Lone Star, Lost Star by Lou Antonelli

Lou Antonelli's character tells of the day Texas disappeared, and what happened after.

I was standing almost smack dab in the middle of State Line Avenue, looking across the street at the Baptist bookstore - where I had parked - with a six pack of Coors in my hand, when Texas disappeared.

I am quite familiar with what happened, yes.

If I hadn't had to wait for a car to pass, I would have already been on the Texas side of the street when it happened. I hold the record for the person who was closest to Texas who didn't disappear with it.

I was so shocked I almost fell into the abyss, but the enormous thunderclap that accompanied its disappearance as the vacuum collapsed knocked me backwards flat on my ass. I clutched the ground face down as the wind rushed in to fill the empty space. The beer went flying and one can rolled towards the car that had just passed me.

The driver came to a tire-squealing stop. The car was buffeted as the wind rushed past into the space where Texas had been. I lay as flat as I could and clutched the asphalt.

After what seemed like forever - but was really only a couple of minutes - the wind subsided. The driver looked shocked as he exited the passenger side. He looked over his roof and then looked at me.

"What the fuck just happened?" he asked.

People were streaming out of the shopping plaza on the Arkansas side of the street, including the liquor store I had just left, and rushing to the edge of the vast empty space.

As we found out later, everything that had been Texas was gone down to a depth of 150 feet below sea level.

Texarkana sits at 300 feet above sea level. Severed pipes that had run under State Line Avenue poured water over the edge of the 450 foot cliff. Clouds began to roil into the skies over the vast emptiness.

I looked at the man with the car. "I have no idea, but I don't see anything on the far side."

Indeed Texas was gone, all the way from Texarkana - where we stood - west to El Paso, from Brownsville in the south to Amarillo in the north.

We quickly learned from people whose cell phones, iPads and such were on a network that still worked that Texas had indeed simply vanished. The astronauts on the space station showed everyone an empty silhouette at the bottom of the United States where Texas had been.

The tornado sirens began to wail. An Arkansas state trooper drove up.

"Everyone head east, the Gulf of Mexico is rushing in."

Because of the distance we all had time to flee, but we all saw the video later, as the waters rushed in. Thankfully, the cliffs acted as a buffer and damage to surrounding states was minimal.

My home was gone. I had lived in an apartment in New Boston 20 miles inside Texas. But I was lucky. I didn't lose any family members. I'd only moved to Texas two years ago and was still single, and the rest of my family lived in Iowa. They were all safe.





I was taken to a refugee camp in Little Rock, where the government housed a number of former Texans who'd been out of the state at the time of the vanishing act.

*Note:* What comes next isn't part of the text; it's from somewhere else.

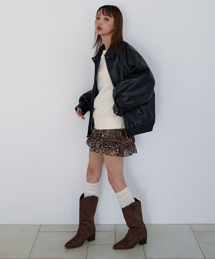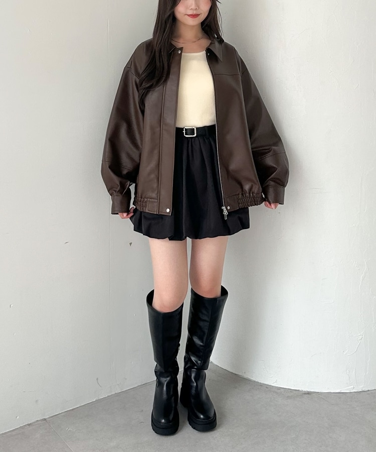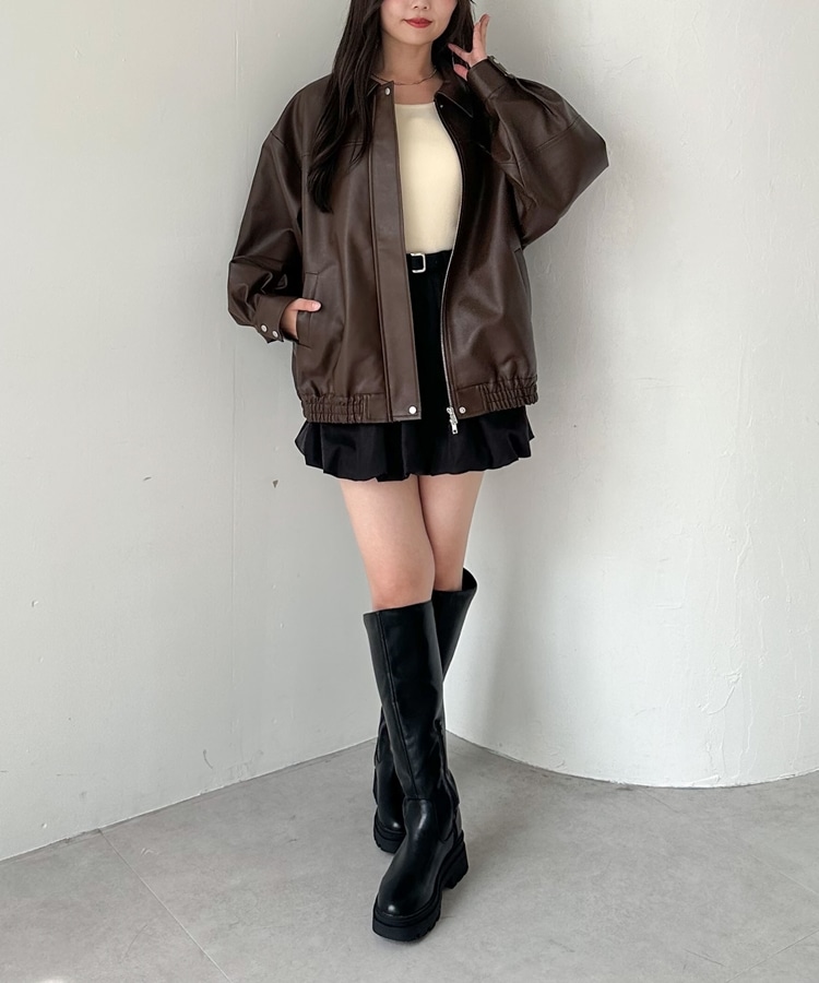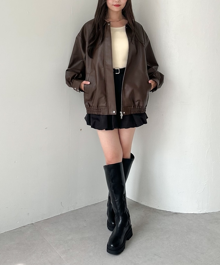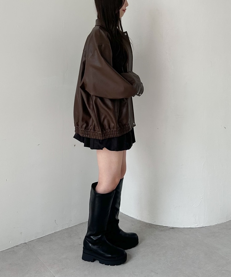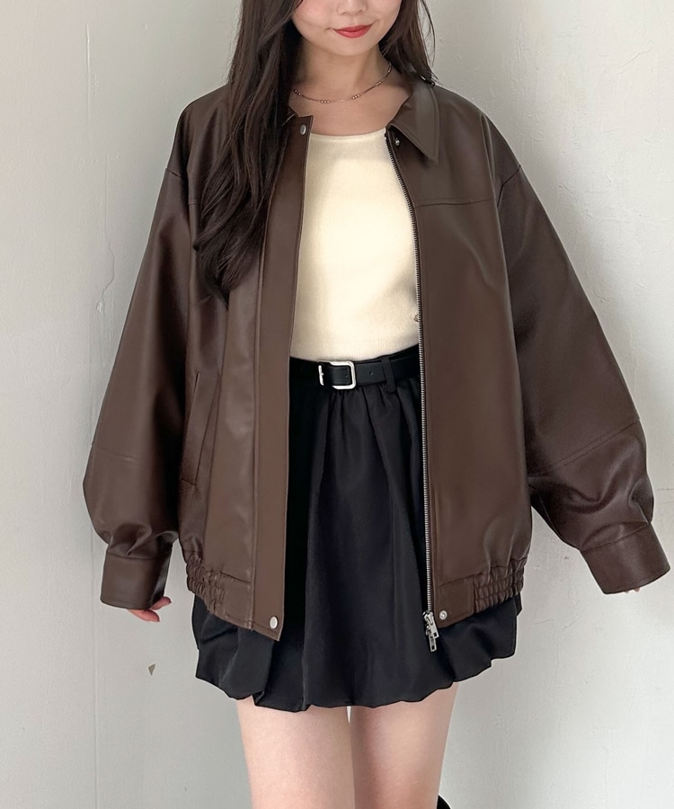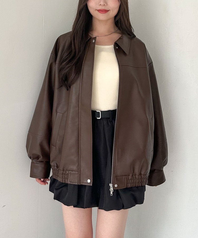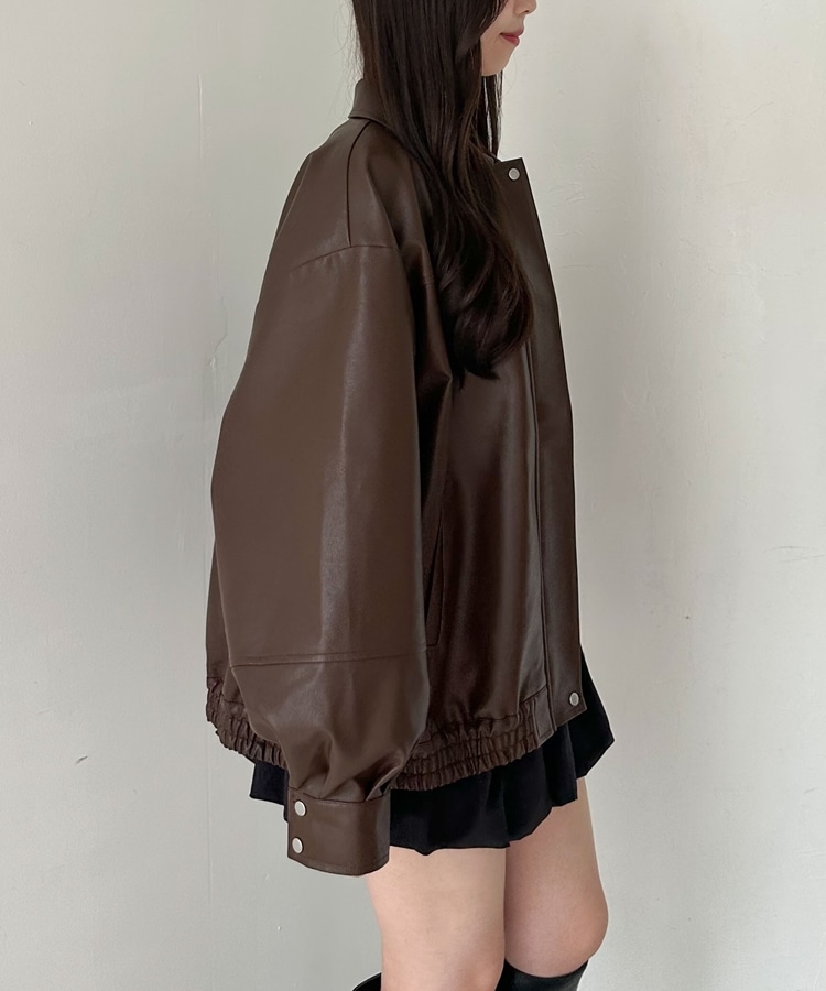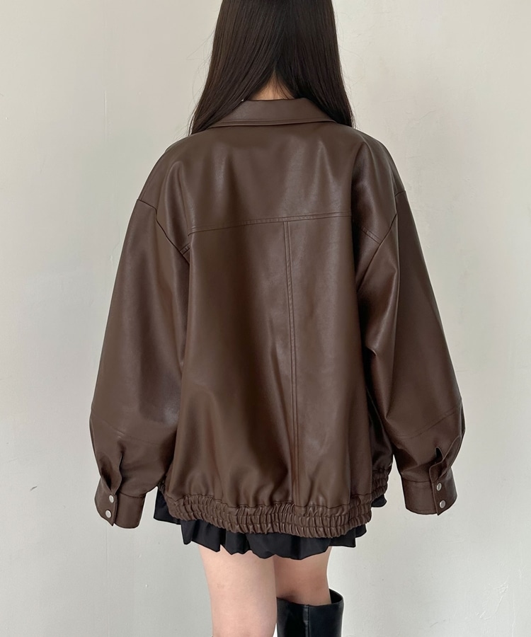 フェイクレザーミドルブルゾン BROWN

I heard a lot of interesting stories there. One woman had been the copilot for Delta Airlines flight from Memphis to Dallas, and they saw the whole state vanish out from underneath them somewhere between Texarkana and Dallas. They turned around.

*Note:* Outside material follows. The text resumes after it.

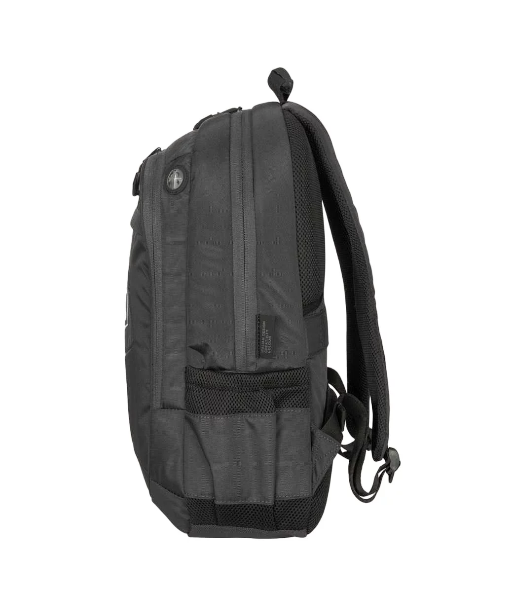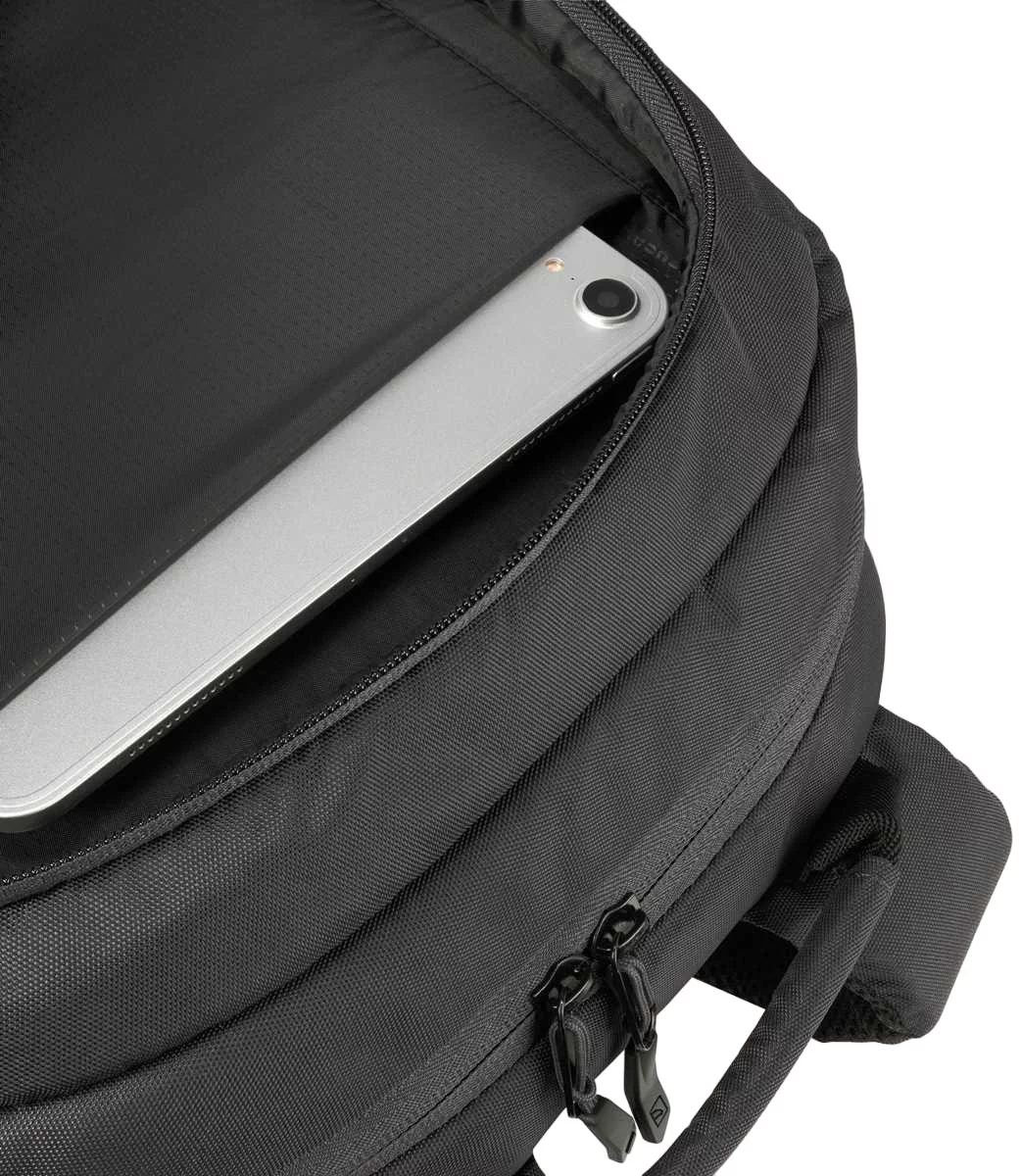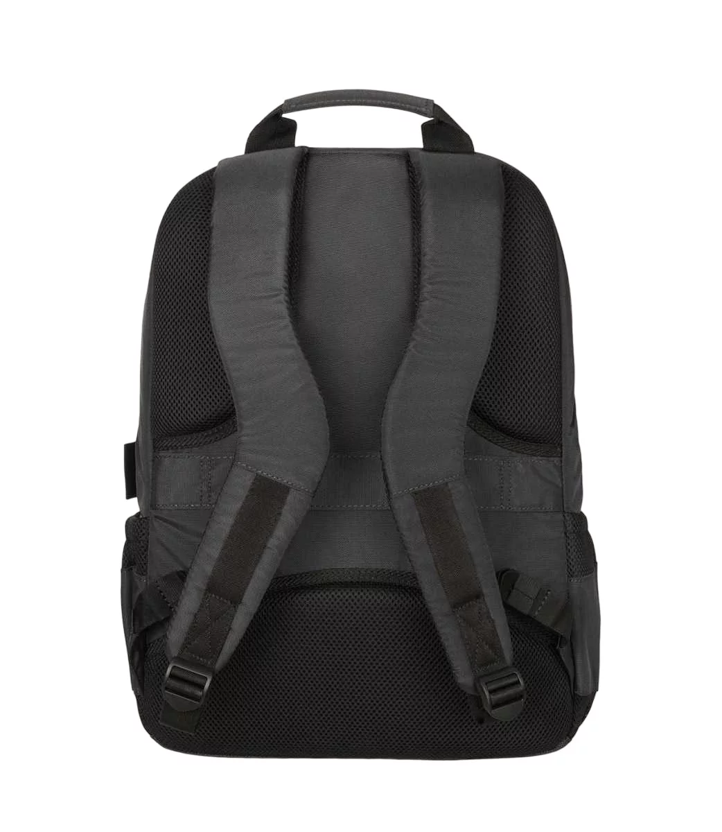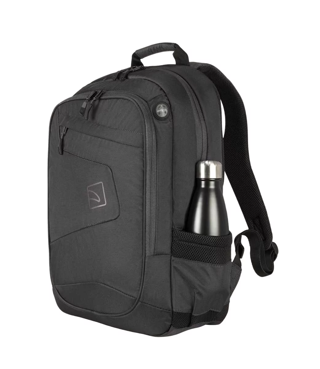 Повсякденний рюкзак Tucano Lato 15 в діловому стилі зі спортивними нотками розраховано для 16-дюймового MacBook Pro та 15,6-16 дюймових ноутбуків. Виготовлений із матеріалів з використанням переробленого пластику. Організована передня зовнішня кишеня та маленька кишеня для аксесуарів, обидві на блискавці. Невеликий спеціальний отвір дозволяє виводити навушники. Велике внутрішнє відділення оснащене м'якою подвійною кишенею з фіксуючим ремінцем на липучці (окрема кишеня для ноутбука і окрема кишеня для планшету). Збоку дві еластичні сітчасті кишені для пляшок, парасольок і предметів подібного розміру. Задня сторона, з ергономічною спинкою та регульованими м'якими плечовими лямками, оснащена паском для кріплення рюкзакая на ручці валізи.

"By the grace of God, the Texarkana Regional Airport is on the Arkansas side," she said. "We made it with ounces of fuel to spare."

Indeed dozens of planes made emergency landings in Texarkana and Hope, Arkansas. The same story was repeated in all adjacent states. Some aircraft were never seen again.

One man told me he was driving from Hugo, Oklahoma, to Paris, and he was a half-mile from the Red River when he saw the bridge pitch forward and disappear as a giant mist rose up into the air. He and the other drivers stopped and saw the Red River had turned into a waterfall on the Oklahoma side, descending down a cliff onto the wreckage of the half a bridge that lay beneath.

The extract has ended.